Department of Medicinal Chemistry, School of Pharmacy, Second Military Medical University, 325 Guohe Road, Shanghai, 200433, China.
Department of Medicinal Chemistry, School of Pharmacy, Second Military Medical University, 325 Guohe Road, Shanghai, 200433, China.
Eur J Med Chem. 2022 Jan 5;227:113961. doi: 10.1016/j.ejmech.2021.113961. Epub 2021 Oct 29.
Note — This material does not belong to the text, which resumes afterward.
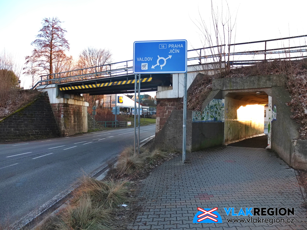 Stanice Nová Paka - most na staropacké straně, spoustakrát bouraný nákladními voz,y co se pod něj nevešly (dnes již funguje obchvat města) (2/2026)

Clinical treatment of candidiasis has suffered from increasingly severe drug resistance and limited efficacy. Thus, novel strategies to deal with drug resistance are highly desired to develop effective therapeutic agents. Herein, dual inhibition of heat shock protein 90 (Hsp90) and histone deacetylase (HDAC) was validated as a new strategy to potentiate efficacy of fluconazole against resistant Candida albicans infections. The first generation of Hsp90/HDAC dual inhibitors were designed as synergistic enhancers to treat azoles-resistant candidiasis. In particular, compound J5 exhibited fungal-selective inhibitory effects on Hsp90 and HDACs, leading to low toxicity and excellent in vitro (FICI = 0.266) and in vivo synergistic antifungal potency to treat fluconazole resistant candidiasis. Antifungal-mechanistic investigation revealed that compound J5 suppressed important virulence factors and down-regulated expression of resistance-associated genes. Therefore, Hsp90/HDAC dual inhibitors represent a new strategy for the development of novel antifungal therapeutics to combat azole-resistant candidiasis.
临床治疗念珠菌病一直受到耐药性日益严重和疗效有限的困扰。因此,非常需要寻找新的策略来应对耐药性,以开发有效的治疗药物。本文验证了双重抑制热休克蛋白 90(Hsp90)和组蛋白去乙酰化酶(HDAC)作为增强氟康唑治疗耐药性白色念珠菌感染疗效的新策略。第一代 Hsp90/HDAC 双重抑制剂被设计为协同增强剂,以治疗唑类耐药性念珠菌病。特别是化合物 J5 对 Hsp90 和 HDACs 具有真菌选择性抑制作用,导致低毒性和优异的体外(FICI = 0.266)和体内协同抗真菌活性,可治疗氟康唑耐药性念珠菌病。抗真菌机制研究表明,化合物 J5 抑制了重要的毒力因子,并下调了耐药相关基因的表达。因此,Hsp90/HDAC 双重抑制剂为开发新型抗真菌治疗药物以对抗唑类耐药性念珠菌病提供了一种新策略。